Oggi i miei concittadini hanno fatto una nuova manifestazione per sottolineare l’apparente stato di immobilità in cui versa il Centro Storico di L’Aquila.

Sinceramente faccio sempre più fatica a dichiararmi Aquilano non per la legittima aspirazione ad avere qualche straccio di certezza sulla propria casa ma per i tempi e le modalità con cui la protesta avviene.

Non che io stia meglio: sono fuori casa dal 6 aprile, sono in affitto a mie spese (rimborsate in parte dall’autonoma sistemazione quando quelli del SED riescono a lavorare con un foglio excel..) e non so quando e se partiranno i lavori di riparazione.

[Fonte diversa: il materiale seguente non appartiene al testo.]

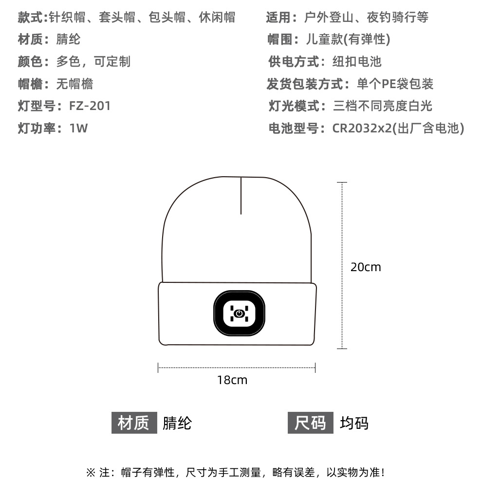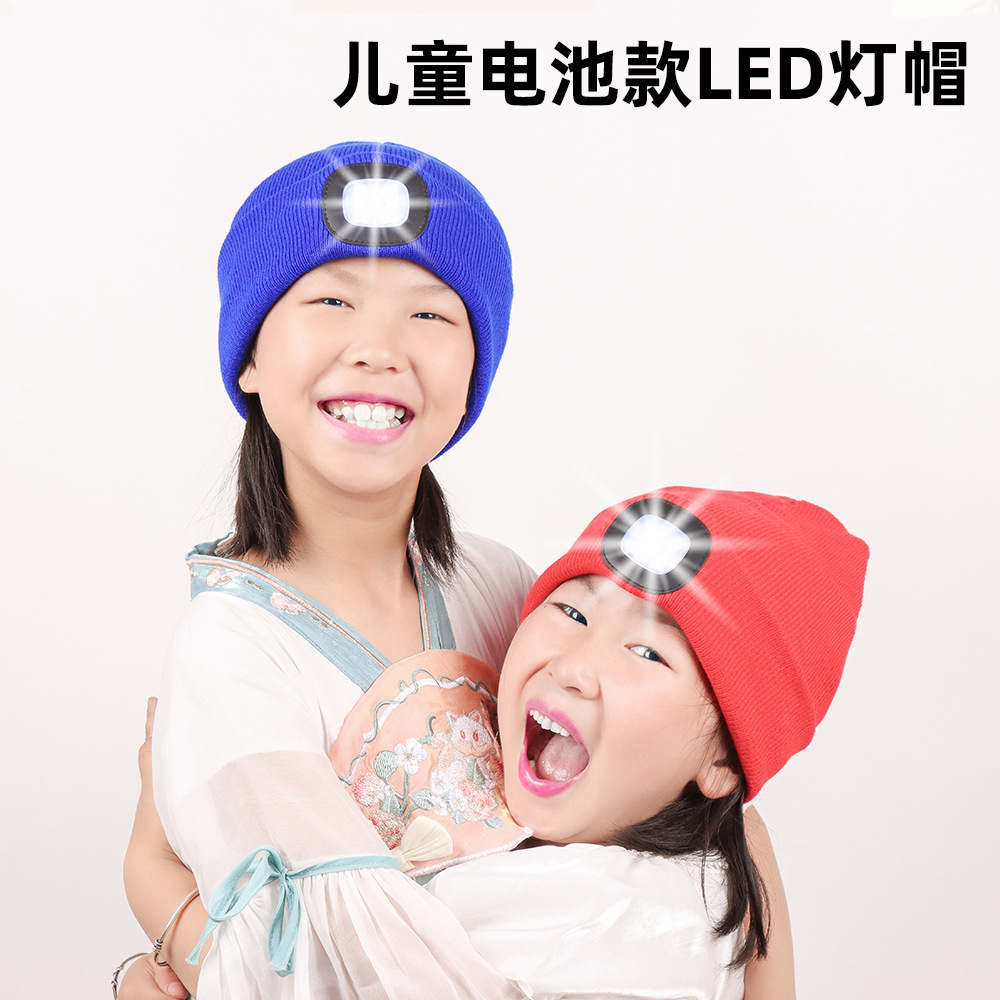 어린이 빛나는 모자 조명 배터리 LED 모자 가벼운 니트 유럽과 미국의 국경 야외 따뜻한 울 모자 겨울

Tutto sospeso, quindi. Ovviamente non recrimino sulle mie scelte ma rivendico un profilo di responsabilità verso la mia famiglia e la mia città. Potendo, provvedo da solo.

Quanti, tra quelli che vanno a queste manifestazioni, hanno veramente bisogno (avere una casa al centro dell’aquila non era proprio alla portata di tutti..)? quanti si rendono conto che il problema è più grande del loro ego (per quanto smisurato per alcuni di loro L’Aquila è comunque una citta da 70K persone..)? quanti si rendono conto che sono strumenti per una campagna elettorale che non si fa più con i comizi ma con serpeggiante maldicenza e altro?

Il Sindaco ci mette anche del suo… Ora è il vice commissario: deve indicare le soluzioni non i problemi e, tantomeno, deve saltare sul cavallo impazzito della denigrazione preventiva.

Sarà che sono un incurabile illuso ma, al posto di questa sparuta minoranza di Aquilani, chiederei al vice-commissario quanto tempo gli serve per trovare una soluzione ad ogni singolo problema e poi mi farei vivo a tempo debito. Almeno non rischio di diventare lo strumento di altri … per i loro obbiettivi personali.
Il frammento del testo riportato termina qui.